[Dataset excerpts]
□ □ □ □ □ □ □
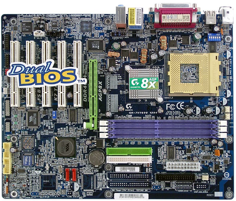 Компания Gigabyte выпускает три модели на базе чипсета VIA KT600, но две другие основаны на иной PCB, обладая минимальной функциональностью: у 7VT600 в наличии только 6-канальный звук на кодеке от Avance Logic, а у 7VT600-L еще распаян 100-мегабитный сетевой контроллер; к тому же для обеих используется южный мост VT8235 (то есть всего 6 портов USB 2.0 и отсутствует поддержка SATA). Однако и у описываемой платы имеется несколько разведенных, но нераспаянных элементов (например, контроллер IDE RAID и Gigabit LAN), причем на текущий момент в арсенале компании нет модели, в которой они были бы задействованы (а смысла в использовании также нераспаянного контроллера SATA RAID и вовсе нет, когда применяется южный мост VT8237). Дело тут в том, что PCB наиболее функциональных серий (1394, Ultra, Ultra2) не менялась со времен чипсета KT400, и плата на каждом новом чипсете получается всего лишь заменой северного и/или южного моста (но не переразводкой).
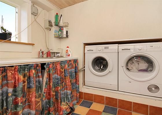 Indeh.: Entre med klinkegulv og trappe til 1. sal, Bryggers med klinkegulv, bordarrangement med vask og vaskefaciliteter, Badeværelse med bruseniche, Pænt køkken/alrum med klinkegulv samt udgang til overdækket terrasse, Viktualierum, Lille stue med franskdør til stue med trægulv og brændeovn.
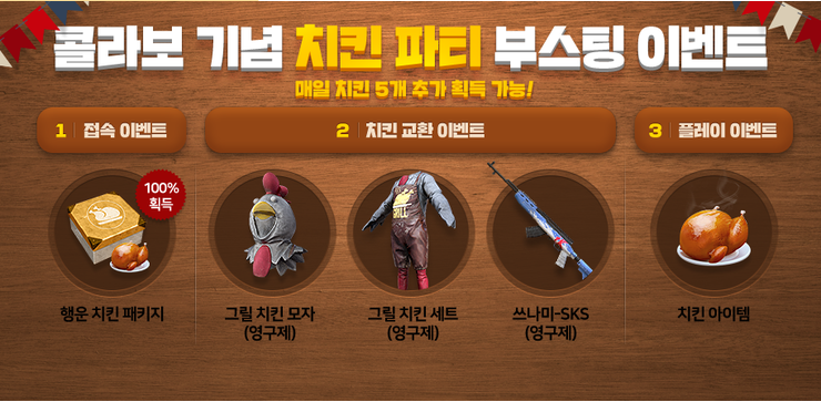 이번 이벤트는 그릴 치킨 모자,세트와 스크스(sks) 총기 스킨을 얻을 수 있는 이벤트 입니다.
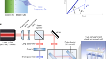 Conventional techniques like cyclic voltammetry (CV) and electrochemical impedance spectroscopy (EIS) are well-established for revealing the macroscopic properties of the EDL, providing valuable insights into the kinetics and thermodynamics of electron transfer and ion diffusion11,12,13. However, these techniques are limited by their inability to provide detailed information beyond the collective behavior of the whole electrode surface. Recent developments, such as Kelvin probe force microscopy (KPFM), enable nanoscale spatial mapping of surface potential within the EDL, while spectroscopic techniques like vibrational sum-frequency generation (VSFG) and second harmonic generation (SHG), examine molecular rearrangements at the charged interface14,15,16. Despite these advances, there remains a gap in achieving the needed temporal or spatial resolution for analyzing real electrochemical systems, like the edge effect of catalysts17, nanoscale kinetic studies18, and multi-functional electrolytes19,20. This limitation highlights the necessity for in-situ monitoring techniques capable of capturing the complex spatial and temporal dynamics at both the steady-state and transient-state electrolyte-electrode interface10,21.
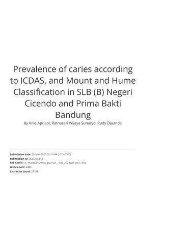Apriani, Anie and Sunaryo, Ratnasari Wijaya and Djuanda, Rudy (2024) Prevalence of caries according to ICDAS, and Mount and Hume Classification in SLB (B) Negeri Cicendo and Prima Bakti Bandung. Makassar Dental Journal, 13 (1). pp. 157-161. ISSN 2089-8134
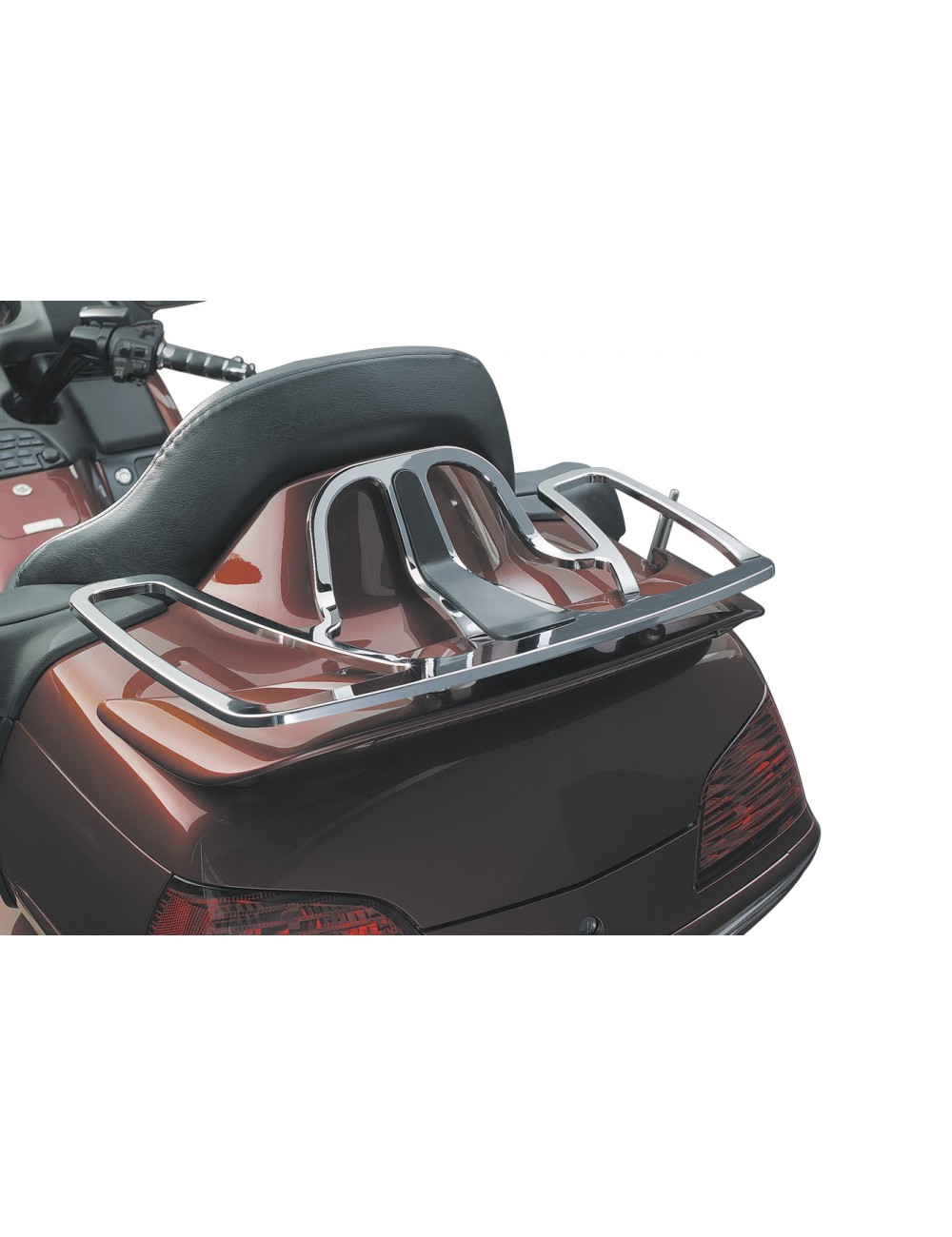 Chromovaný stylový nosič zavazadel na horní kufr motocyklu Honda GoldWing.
□ □ □ □ □ □ □
▶ _TASK INSTRUCTIONS_
Although pictures appear among the records above, write out exactly only the lines from the one that has "이번 이벤트는 그릴 치킨" through the one that has "Conventional techniques like", and leave the pictures out.

▶ _SOLUTION BELOW_
 이번 이벤트는 그릴 치킨 모자,세트와 스크스(sks) 총기 스킨을 얻을 수 있는 이벤트 입니다.
 Conventional techniques like cyclic voltammetry (CV) and electrochemical impedance spectroscopy (EIS) are well-established for revealing the macroscopic properties of the EDL, providing valuable insights into the kinetics and thermodynamics of electron transfer and ion diffusion11,12,13. However, these techniques are limited by their inability to provide detailed information beyond the collective behavior of the whole electrode surface. Recent developments, such as Kelvin probe force microscopy (KPFM), enable nanoscale spatial mapping of surface potential within the EDL, while spectroscopic techniques like vibrational sum-frequency generation (VSFG) and second harmonic generation (SHG), examine molecular rearrangements at the charged interface14,15,16. Despite these advances, there remains a gap in achieving the needed temporal or spatial resolution for analyzing real electrochemical systems, like the edge effect of catalysts17, nanoscale kinetic studies18, and multi-functional electrolytes19,20. This limitation highlights the necessity for in-situ monitoring techniques capable of capturing the complex spatial and temporal dynamics at both the steady-state and transient-state electrolyte-electrode interface10,21.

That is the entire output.